For this exercise, return only the lines in the records below from the one holding "электролитов. Гидролиз по" through the one holding "BGS Kracht verlengstukset", including both, exactly as they appear and without pictures.
═══ MATERIAL PROVIDED
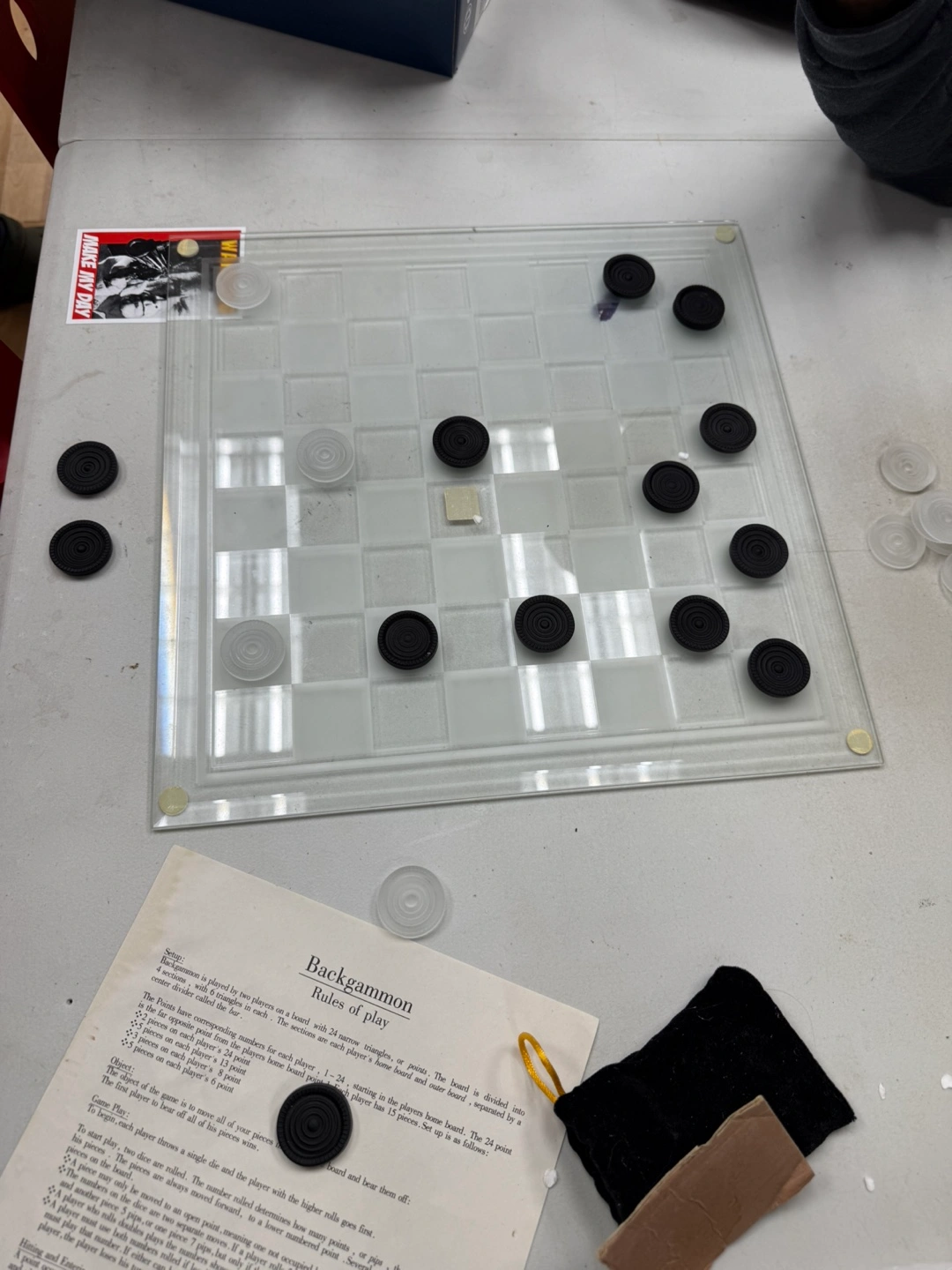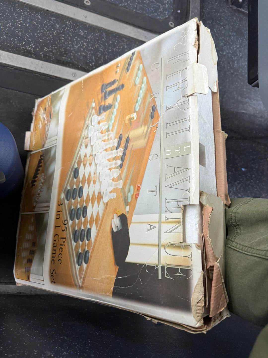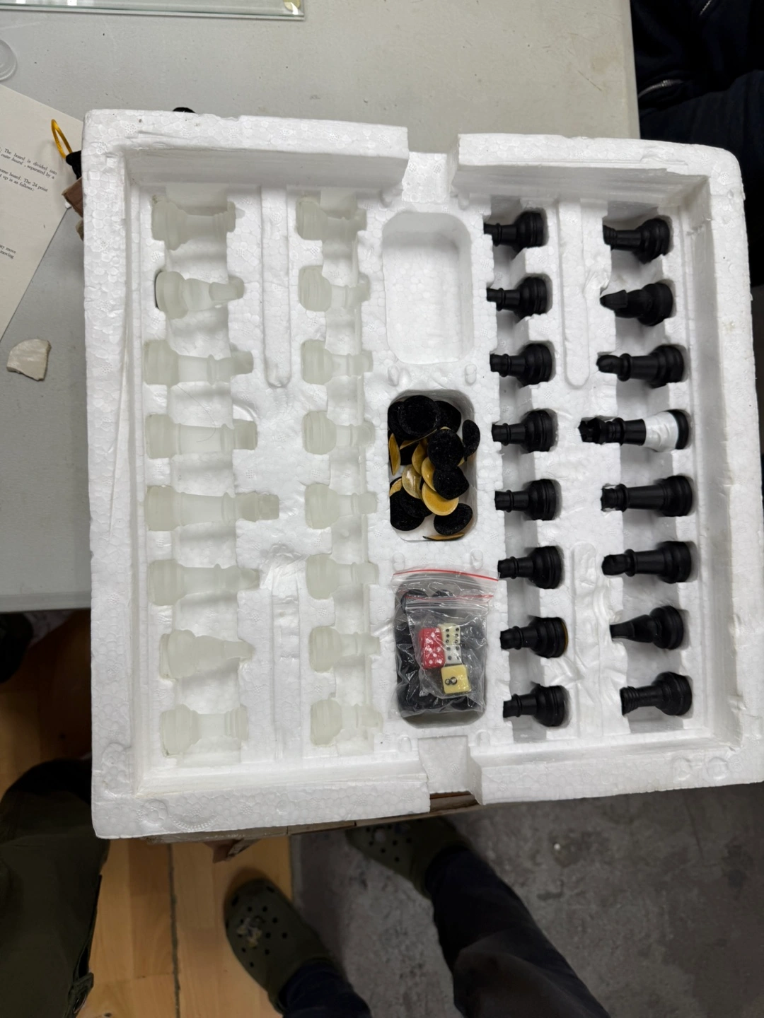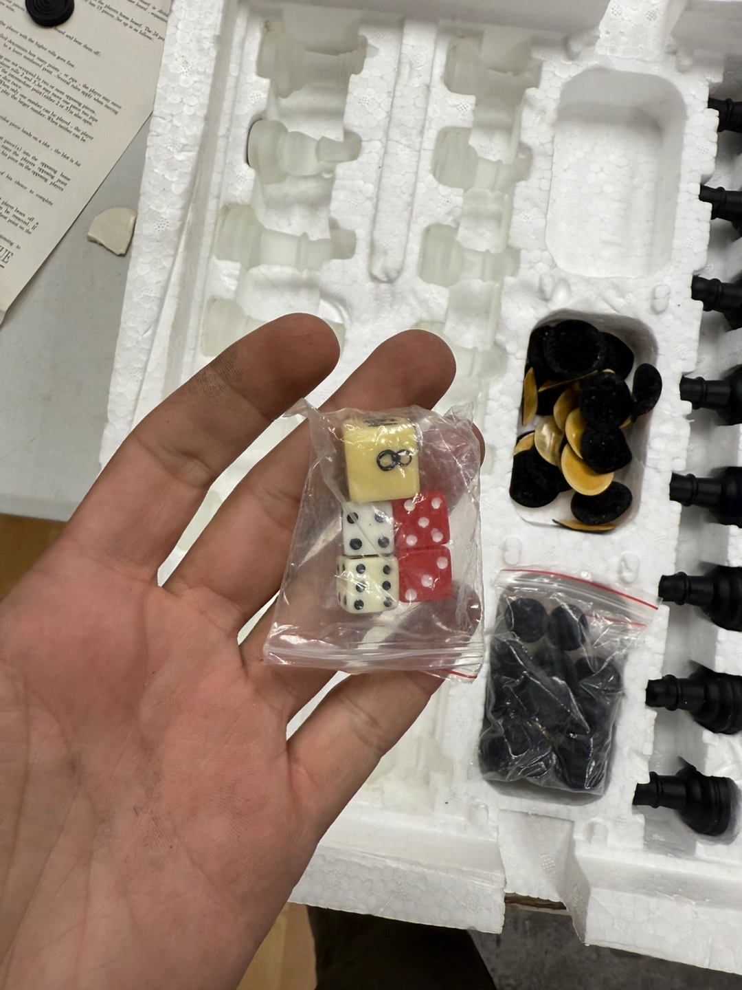 Selling a complete game set that includes chess, checkers, and backgammon! All pieces are included, and it comes with the original box and instructions and its all GLASS
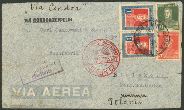 Airmail cover sent from B.Aires to Poland on Zeppelin's 6th yearly flight, franked with $2.15, with Friedrichshafen mark and other transit marks, VF (Image)
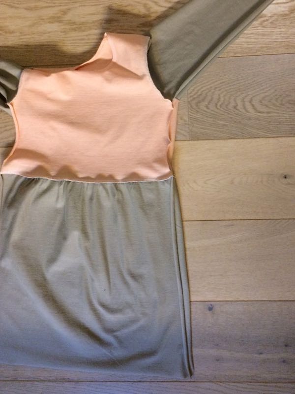 Turn the dress inside out and sew the sleeve and side seam in one go. Repeat on the other side.
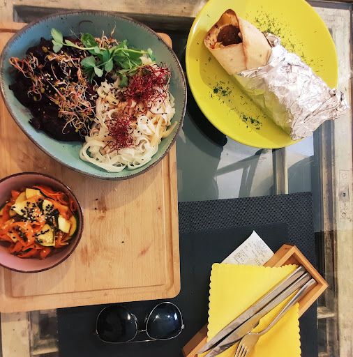 Read moreWpadliśmy z kumplem z racji dobrych opini. Zamówiłam talerz azjatycki w cenie 30 złotych i dostałam naprawdę dużą, fajną porcję składającą się z makaronu ryżowego [idealnie ugotowany], surówki na bazie oleju sezamowego z marchewką i cukinią oraz prawdziwy majstersztyk w postaci potrawki buraczano-bakłażanowo-szpinakowej, która była po prostu rewelacyjna! Osoba towarzysząca zamówiła falafelka w cieście tortilla - aż 7 kawałków "kotleta" było miłym zaskoczeniem, jednak zgodnie z tym co mówił poprawiłby stopień wypieczenia ciasta [zrobiło się ciaprate] i dodałby inny sos, bo ketchup nie pasował do tego dania - lepszy byłby sos majonezowy lub śmietanowy. Jako, że oceniamy wspólnie to 4/5 gwiazdek za jedzenie. Co do wystroju - minusem miejsca jest na pewno jego lokalizacja. Owszem, jest na uboczu, są krzesła na dworze, ale widok odrapanych kamienic i zaśmieconego podwórka naprzeciwko, nie jest niczym miłym. W środku schludnie, meble "każde z innej parafii", ale przyznam szczerze, że bardzo spodobał mi się akcent w postaci obrazów wyszywanych, których zdjęcie zamieszczam. Toalety czyste. Podsumowując, dla kuchni warto iść - moje danie było bardzo smaczne. Pomimo pierwszego, nienajlepszego wrażenia jakie sprawia lokal wizualnie, smaki kryją się w...
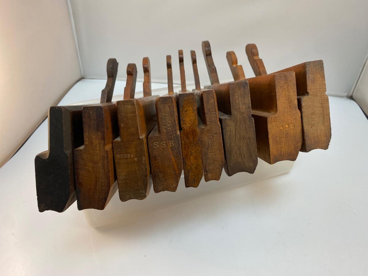 Set of Nine Antique Slight Curve Wood Hand Planes Soft Round Edge. Soft curved edging in a variety of widths.
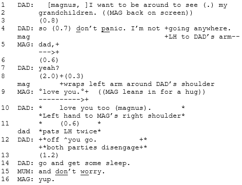 This first analysis examines a case of a cuddle initiated by an autism-diagnosed child. Not only does the child initiate the cuddle with his parent, he shows a sophisticated understanding of the resources available to him and Dad (e.g., turn-taking and sequence orientations as well as bodily/gestural resources) for structuring this interactional moment. Prior to this extract, Magnus has voiced his concern that Dad may die soon due to an injury he sustained. Dad has been reassuring him that he is not going to die. Magnus initiates the cuddle after Dad issues the upshot of this reassurance talk.
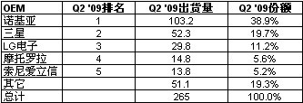 下圖所示為iSuppli公司對于第二季度五大手機OEM廠商出貨量排名的初步估計。
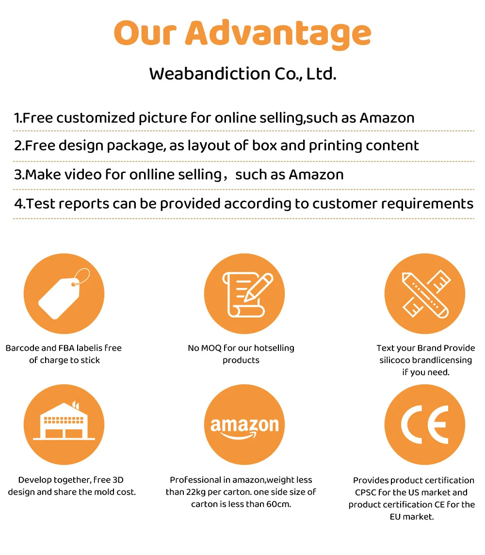 6) Weabandiction Co.,Ltd has 70% of its business from Europe and many more countries in South America, North America . And these customers have cooperated with us for more than 5 years. Our service is supreme and can give customers more trust.
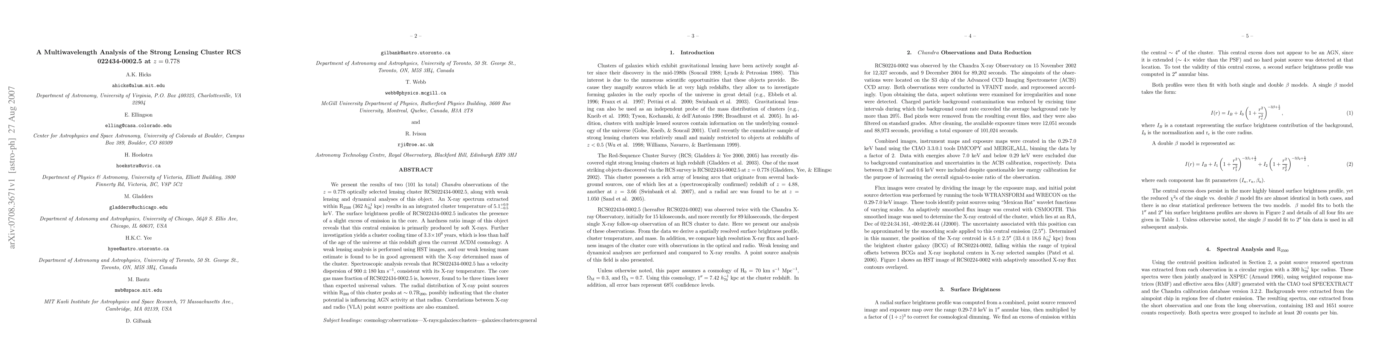 We present the results of two (101 ks total) Chandra observations of the z=0.778 optically selected lensing cluster RCS022434-0002.5, along with weak lensing and dynamical analyses of this object. An X-ray spectrum extracted within R(2500) (362 h(70)^(-1) kpc) results in an integrated cluster temperature of 5.1 (+0.9,-0.5) keV. The surface brightness profile of RCS022434-0002.5 indicates the presence of a slight excess of emission in the core. A hardness ratio image of this object reveals that this central emission is primarily produced by soft X-rays. Further investigation yields a cluster cooling time of 3.3 times 10^9 years, which is less than half of the age of the universe at this redshift given the current LCDM cosmology. A weak lensing analysis is performed using HST images, and our weak lensing mass estimate is found to be in good agreement with the X-ray determined mass of the cluster. Spectroscopic analysis reveals that RCS022434-0002.5 has a velocity dispersion of 900 +/- 180 km/s, consistent with its X-ray temperature. The core gas mass fraction of RCS022434-0002.5 is, however, found to be three times lower than expected universal values. The radial distribution of X-ray point sources within R(200) of this cluster peaks at ~0.7 R(200), possibly indicating that the cluster potential is influencing AGN activity at that radius. Correlations between X-ray and radio (VLA) point source positions are also examined.
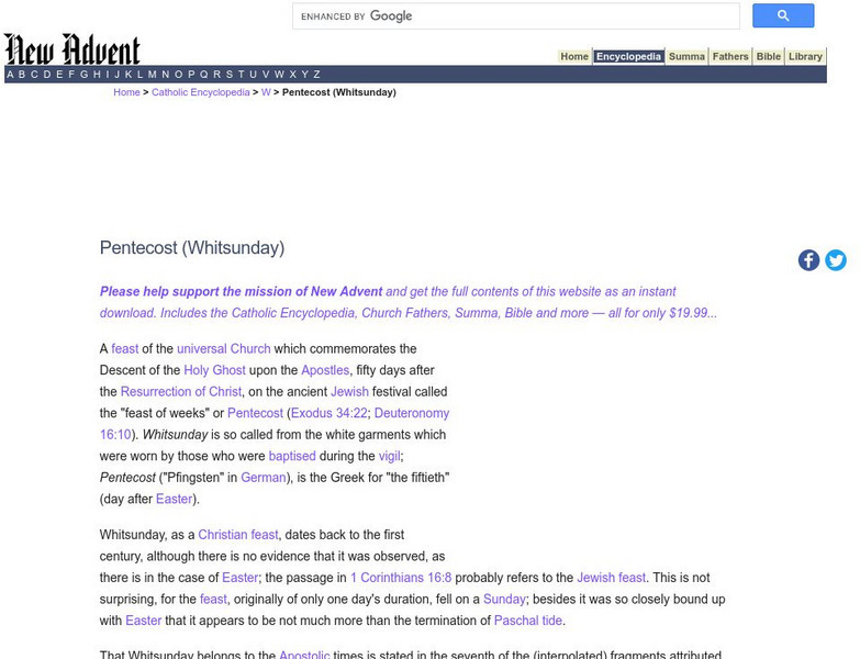A detailed description of Pentecost according to the Roman Catholic Church. Includes information on the celebration of Pentecost, its meaning, and traditions that are associated with Pentecost. Please note that ?The Catholic...
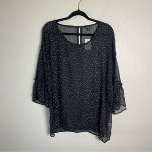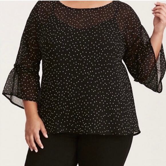 Torrid Black Polka Dot Chiffon Blouse Top Long Sleeve 2X NWT 10927419
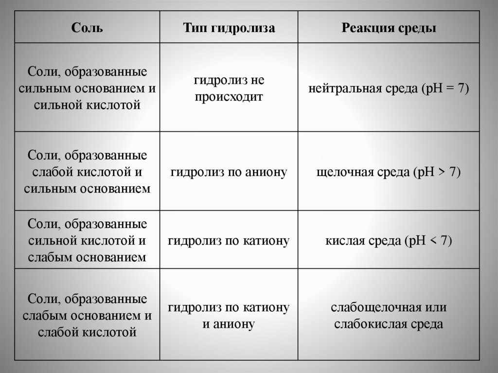 электролитов. Гидролиз по катиону и аниону: изменение характера среды.
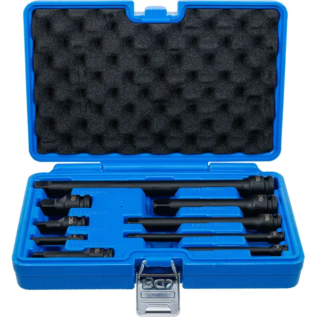 BGS Kracht verlengstukset 9-delig – 1/4", 3/8" en 1/2" – chroom-molybdeen-staal, diverse lengtes, veilig in kunststof koffer, voor hand- en accu-slagmoersleutels. Lees meer.
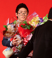 2013.01.31 17: 20꽃다발 묻힌 양학선,'앞이 안 보여요'
══════
SOLUTION FOR THIS TASK =
 электролитов. Гидролиз по катиону и аниону: изменение характера среды.
 BGS Kracht verlengstukset 9-delig – 1/4", 3/8" en 1/2" – chroom-molybdeen-staal, diverse lengtes, veilig in kunststof koffer, voor hand- en accu-slagmoersleutels. Lees meer.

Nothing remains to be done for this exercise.